La mala calidad de nuestros gobernantes y sus políticas públicas se aprecia en que mientras la burocracia y la injerencia del gobierno han crecido en este siglo, la criminalidad ha aumentado y el desempeño de la economía ha dejado mucho que desear.
En efecto, mientras que entre 2001 y 2013 el número de empleados públicos pasó de 4.812,105 a 5.273,441 y el gasto del Gobierno subió del 22.8 al 26.0 por ciento del Producto Interno Bruto (PIB), el crecimiento promedio de la economía fue de tan sólo 2.1 por ciento, cuando entre 1988 y2000 registró un avance del 3.7 por ciento en promedio anual.
Uno pudiera decir que si fortalecemos la calidad de nuestro proceso democrático las cosas podrían ser mejores. Ese se supone ha sido el objetivo de las varias reformas políticas en México. Es posible que actualmente, cuando se discuten nuevas normas para el ejercicio político, muchos ciudadanos abriguen la esperanza de que haya un avance notable en la administración pública. Lamentablemente, los cambios discutidos como el nuevo nombre para el árbitro electoral, más transparencia en el gasto con fines de promover la imagen de los políticos y la reelección en ciertos cargos, no significan el desmantelamiento del control partidario, como lo prueban las trabas para las candidaturas independientes, ni la disminución del gobierno.
Más grave aún es que en ninguna parte se contempla un mayor control sobre el tamaño de la burocracia, la aplicación de medidas severas contra la corrupción, la transparencia en la asignación de la obra pública, así como sobre el patrimonio de los candidatos y funcionarios públicos.
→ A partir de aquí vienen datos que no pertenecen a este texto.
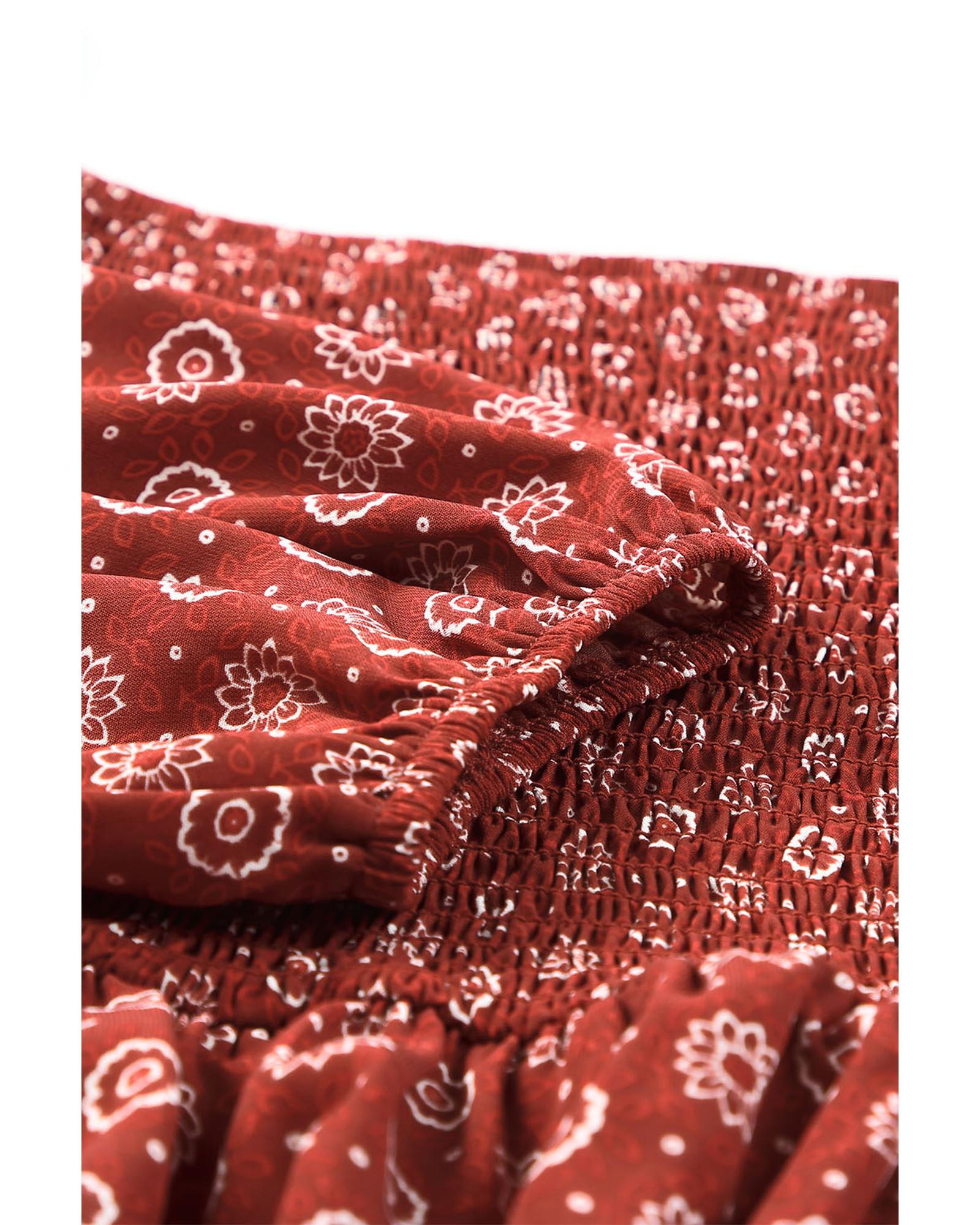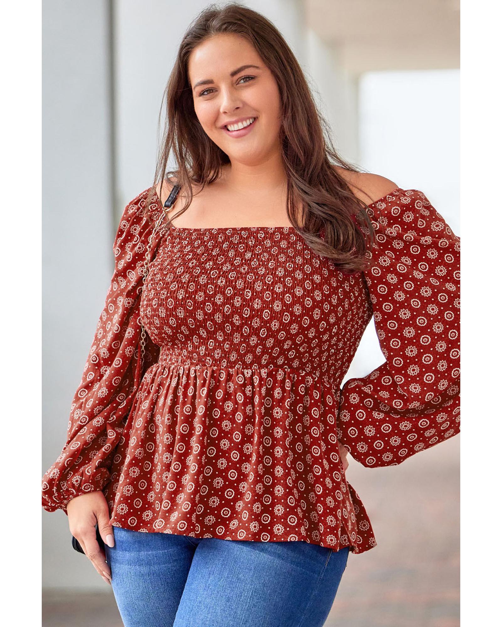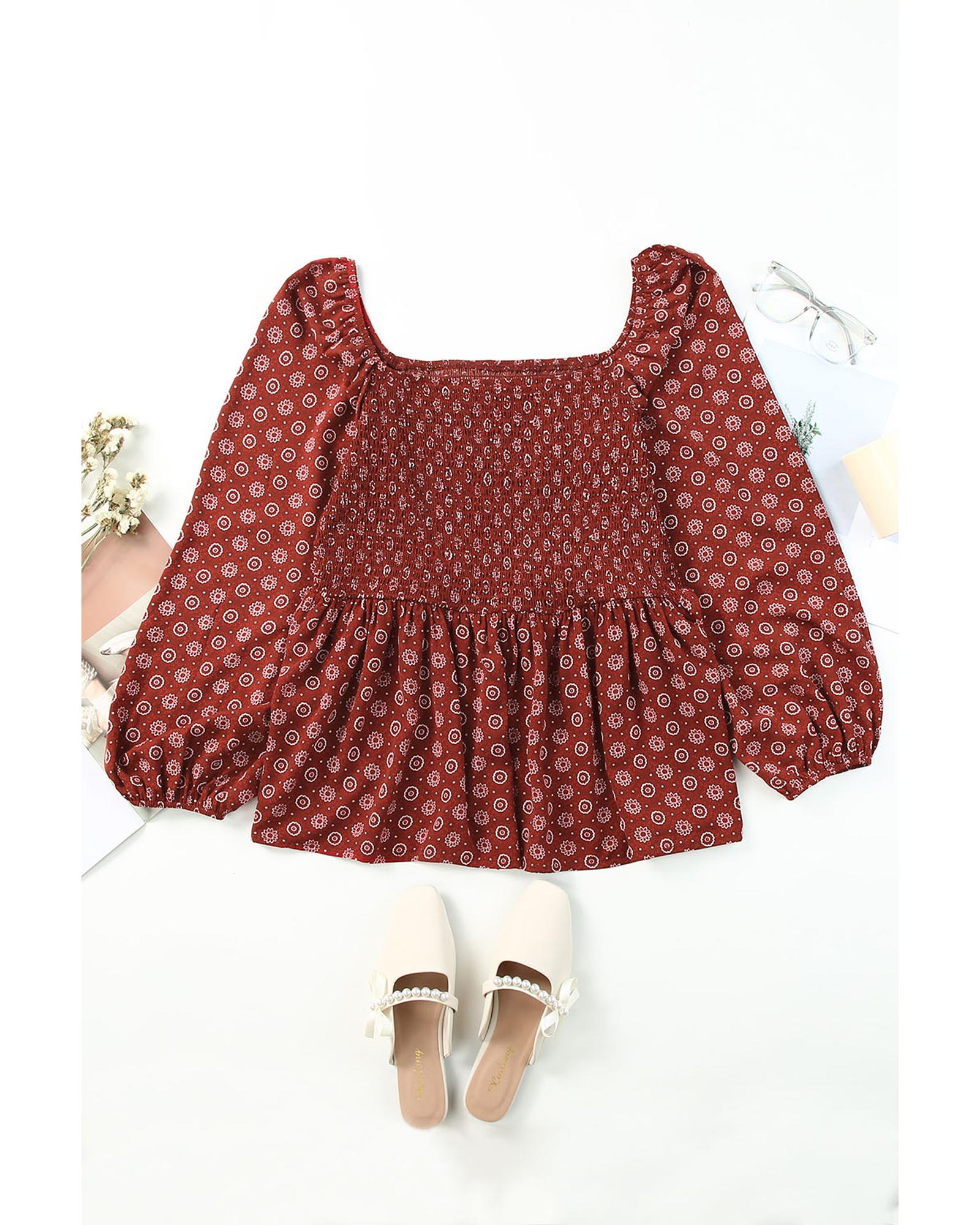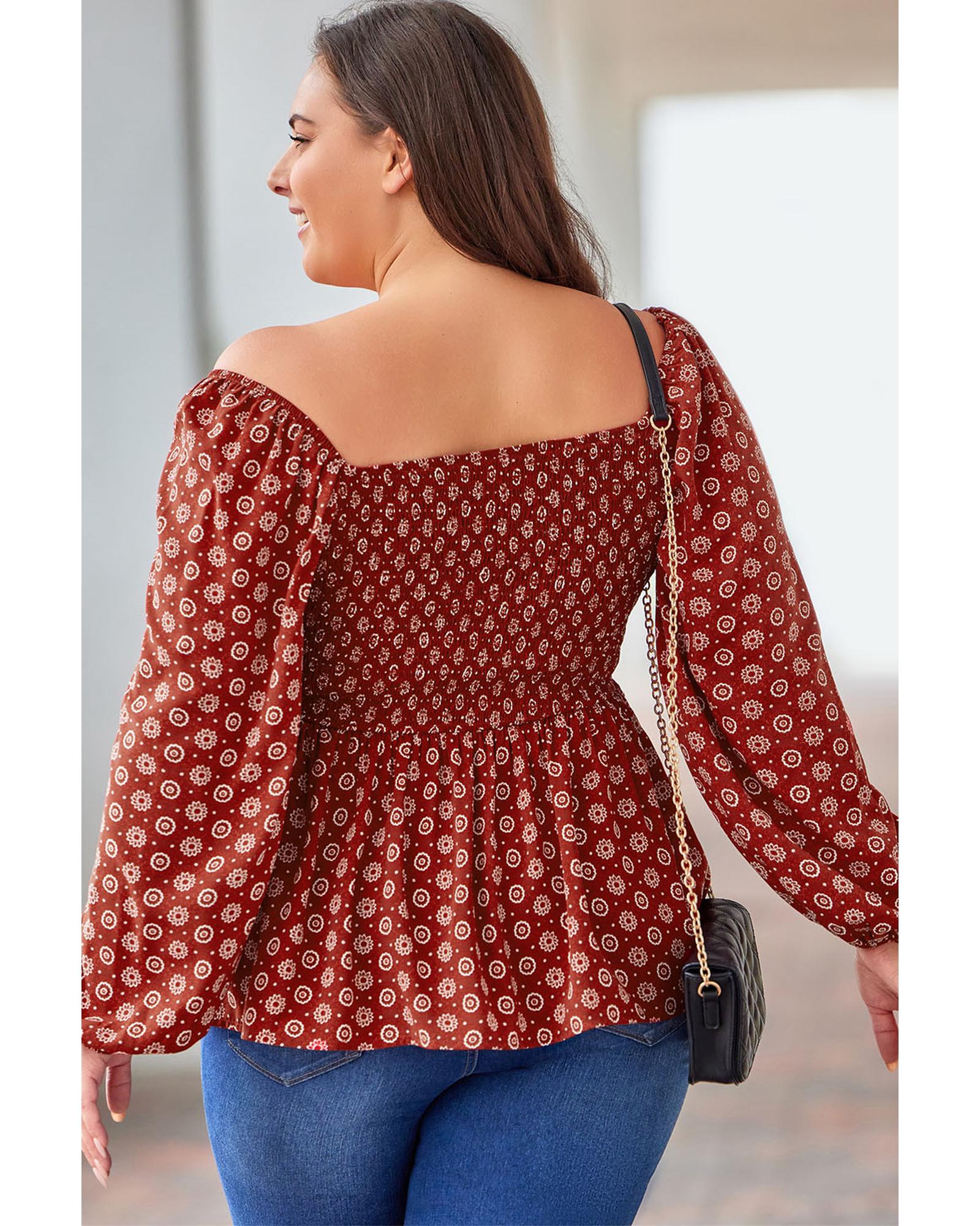 Red Plus Size Square Neck Printed Peplum Top - 2X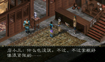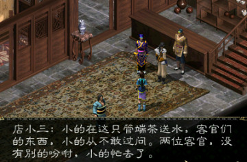 回城找客栈掌柜询问字条的事情,掌柜再次推说不知,并以报官相威胁。询问店小三,一直很冷静的店小三此时则借故离开不肯回答。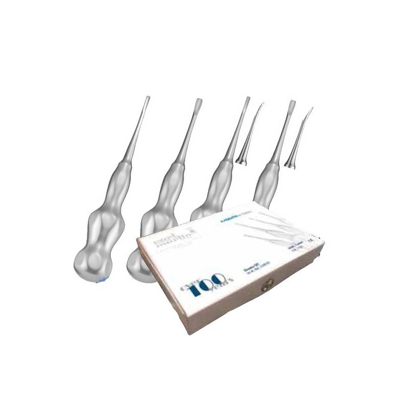 - Set botadores para la elevación, remoción y extracción de dientes, fragmentos y raíces.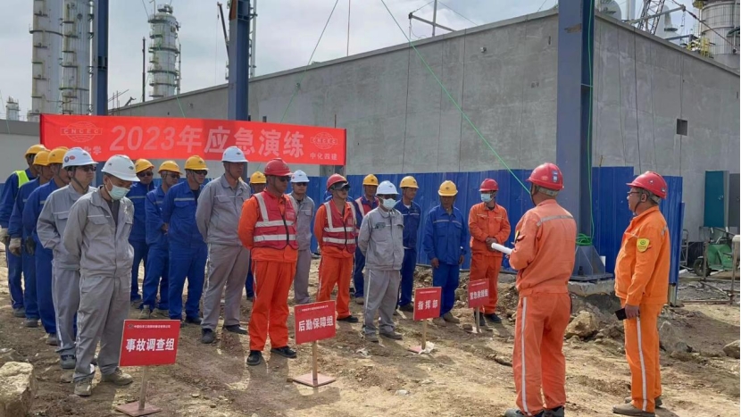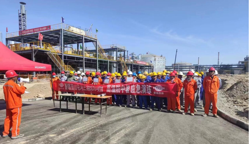 近日,中化勞務(wù)公司山東裕龍石化項目部組織開展夏季防中暑應(yīng)急演練。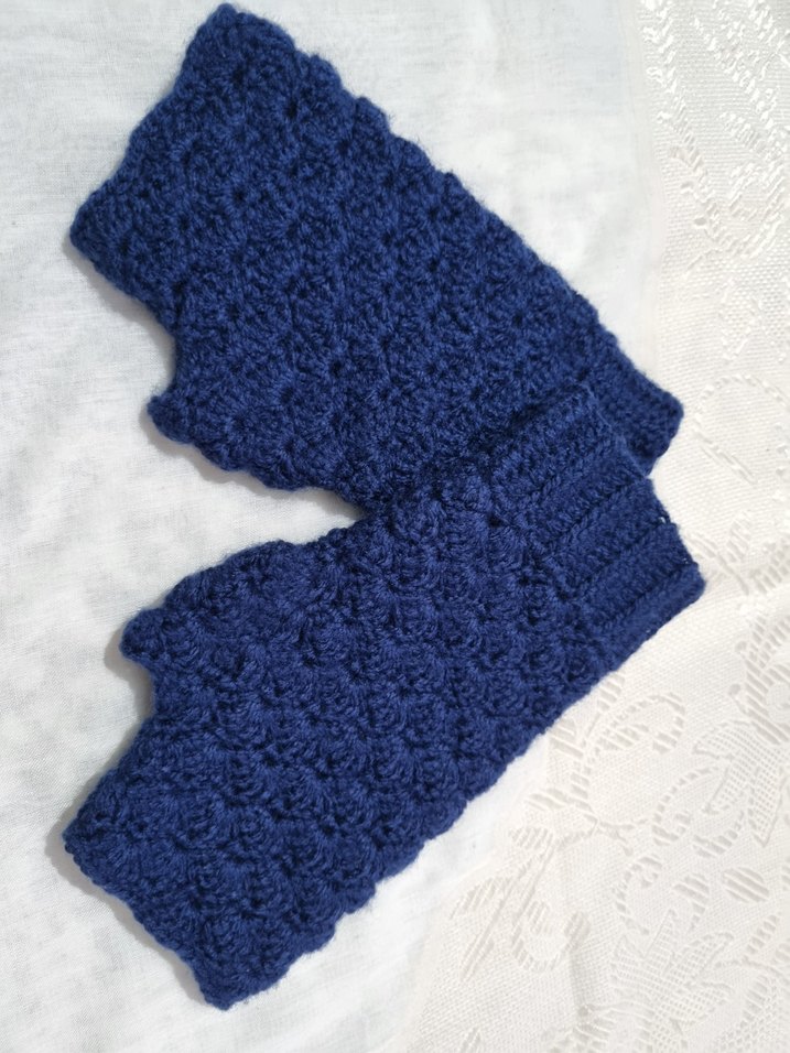 Mavi renkli, örgü dokulu, bohem tarzda kadın eldivenleri, sıcak tutar ve renk katar.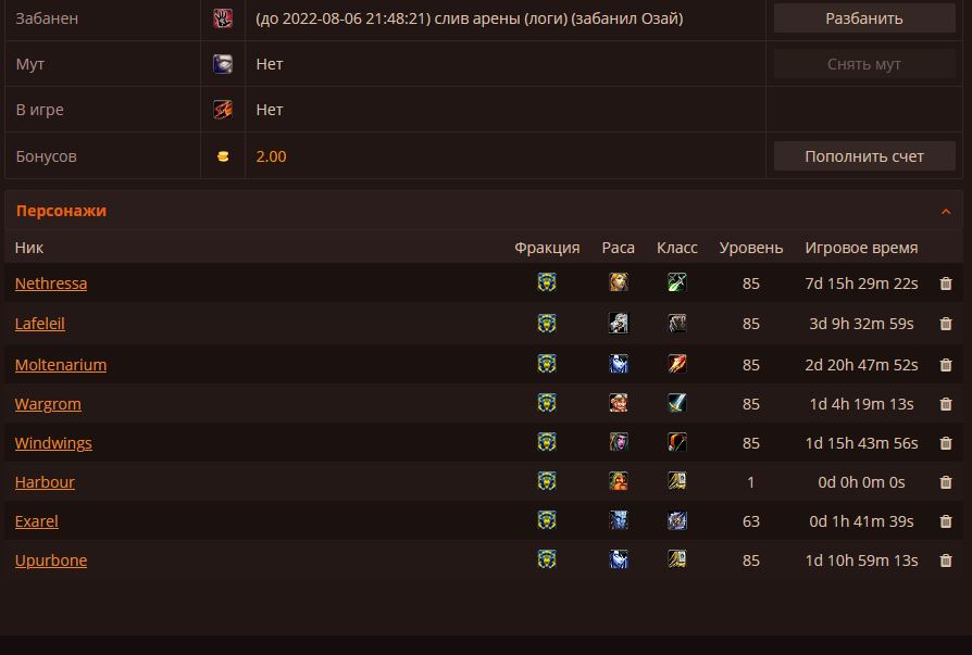 Причина бана: (до 2022-08-06 21:48:21) слив арены (логи) (забанил Озай)
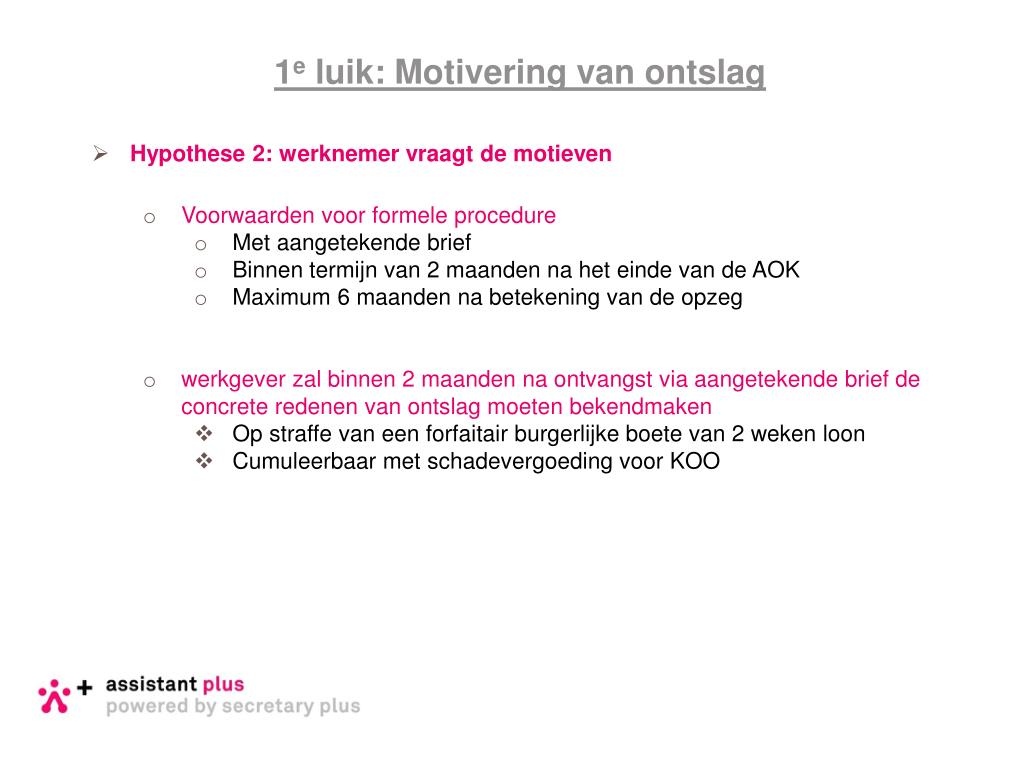 1e luik: Motivering van ontslag • Hypothese 2: werknemer vraagt de motieven • Voorwaarden voor formele procedure • Met aangetekende brief • Binnen termijn van 2 maanden na het einde van de AOK • Maximum 6 maanden na betekening van de opzeg • werkgever zal binnen 2 maanden na ontvangst via aangetekende brief de concrete redenen van ontslag moeten bekendmaken • Op straffe van een forfaitair burgerlijke boete van 2 weken loon • Cumuleerbaar met schadevergoeding voor KOO
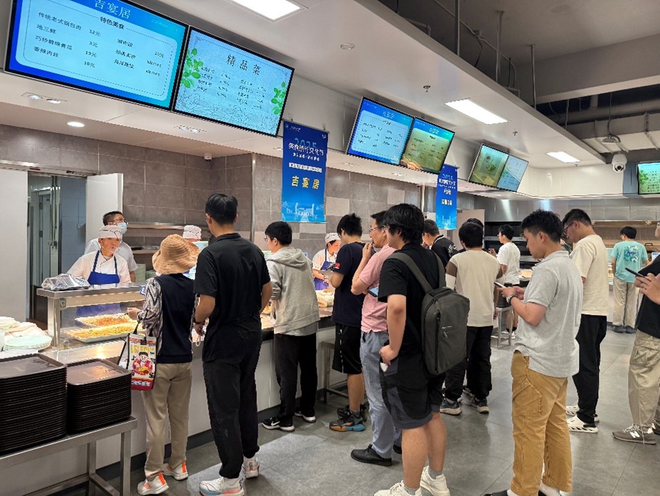 午餐时分,学院路校区学五食堂、沙河校区东区第一食堂的专窗前排起了长队,溜肉段、地三鲜、招牌蒸饺等特色“吉菜”倍受师生喜爱。
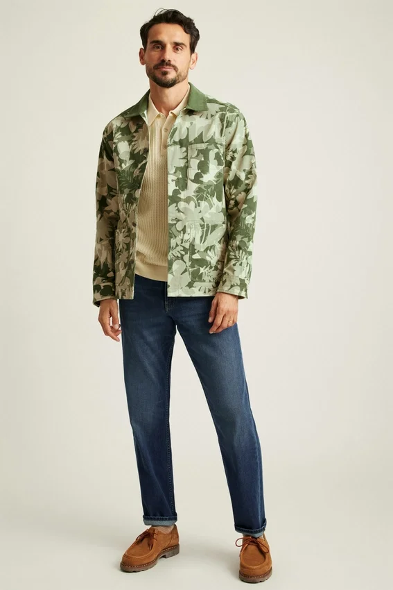El clásico pantalón francés de trabajo se renueva con un toque artístico: estampado original, un poco de elasticidad y muchos bolsillos.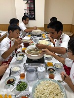修学旅行⑩ ホテルで夕食 投稿日時 : 2019/09/25 校長 カテゴリ:修学旅行 19:00 夕食の時間です。 1日目の夕食は、お鍋でした。 熱くて汗をかきながら美味しくいただきました。 Tweet
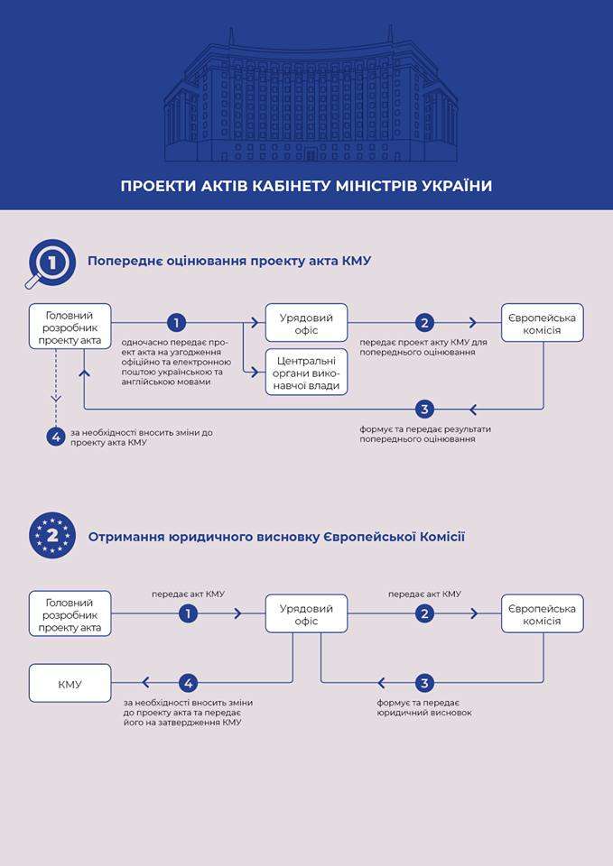 - Урядовий офіс передає проєкт акта КМУ для попереднього оцінювання у Європейську Комісію;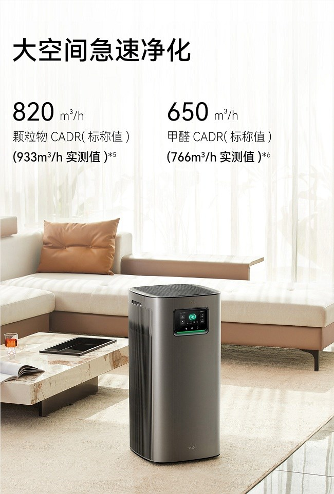 华为智选720 智能空气净化器3Pro拥有强大的净化能力,2. 3 分钟就能净化 15 平米的空气,适用面积达 98 平米,静音性能领先同行的旗舰产品。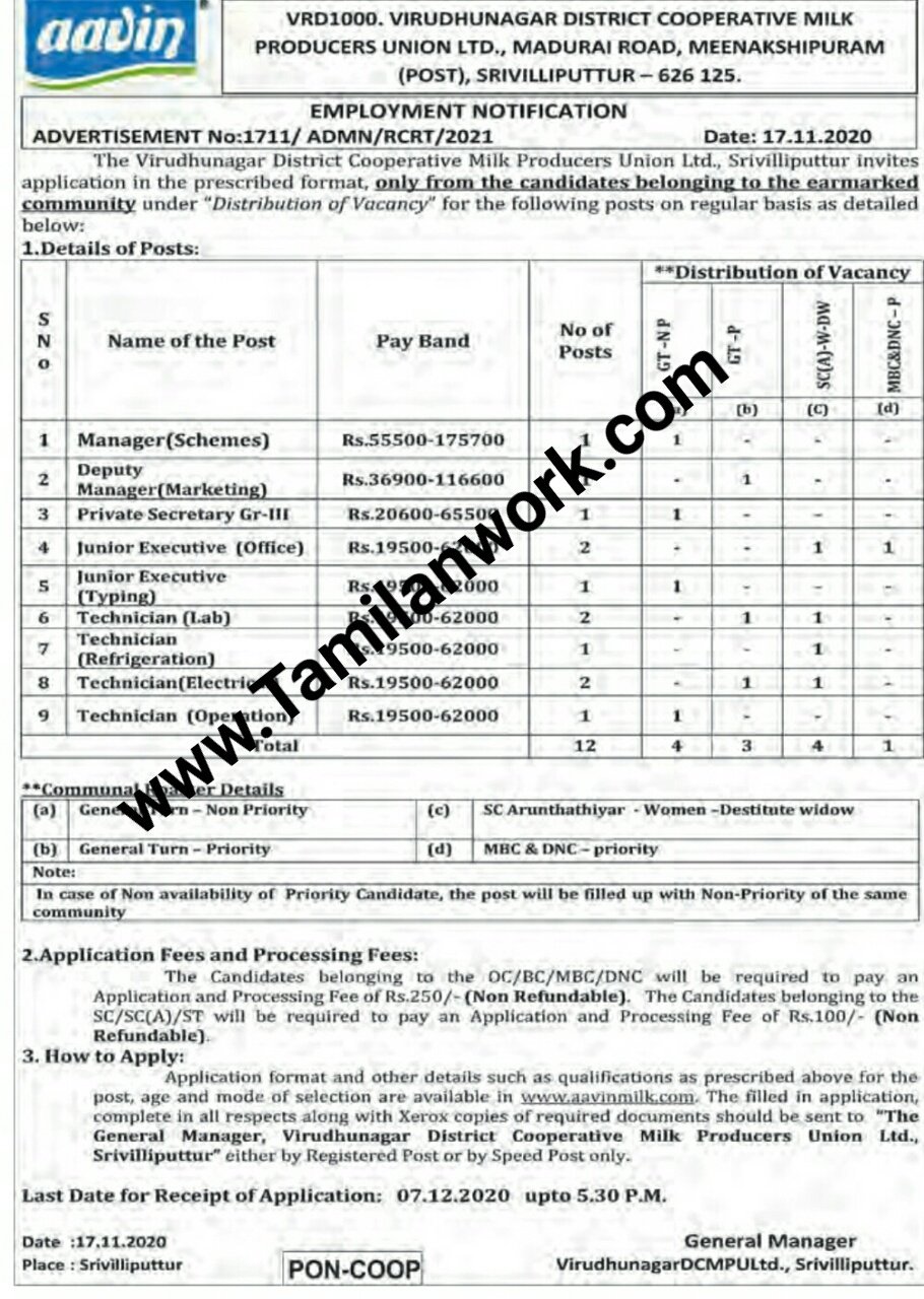 Aavin Virudhunagar Recruitment 2020 Inspiring 12 Various Posts

Esas acciones ayudarían sin duda a mejorar la calidad de nuestros gobernantes, pero no necesariamente se traducirían en mejores políticas públicas.
Ilya Somin, en su libro "Democracy and Political Ignorance: Why Smaller Government Is Smarter" presenta bastante evidencia en cuanto a que, a pesar de que Estados Unidos cuenta con medidas mucho más estrictas que las nuestras respecto al problema de la corrupción y la transparencia de los patrimonios, eso no corrige el problema de que la mayoría de los electores carecen siquiera del conocimiento básico para hacer una elección informada.
La ignorancia de los electores no es particular de ciertos países y culturas, es más bien un problema universal. Los electores no analizan los programas económicos y sociales de los candidatos ni sus plataformas electorales, como tampoco conocen a la mayoría de sus representantes en el Congreso.
Esto no se corrige con cursos de civismo o de educación en asuntos financieros y económicos, puesto que ello no elimina los sesgos ideológicos, o la simpatía por las medidas populistas con los que la gente aborda los diferentes temas.
En México, mientras prevalezca la corrupción y la opacidad, ese problema es todavía más grave. En consecuencia, la reforma política que se discute en el Congreso es poco probable que lleve a mejores gobernantes y a buenas políticas públicas. En esta situación es todavía más relevante para nosotros la solución que propuso Gary Becker hace muchos años y que ahora propone Somin para EU: reducir el tamaño y la injerencia del Gobierno en la economía.
Mientras eso no suceda, el consuelo de nuestra democracia lo sintetiza Arnold Kling, en su artículo "Exit, Voice and Ignorance", al afirmar que apoya la democracia no porque posea cualidades milagrosas sino porque "proporciona a los ciudadanos un medio pacífico de cambiar a las personas en el Gobierno".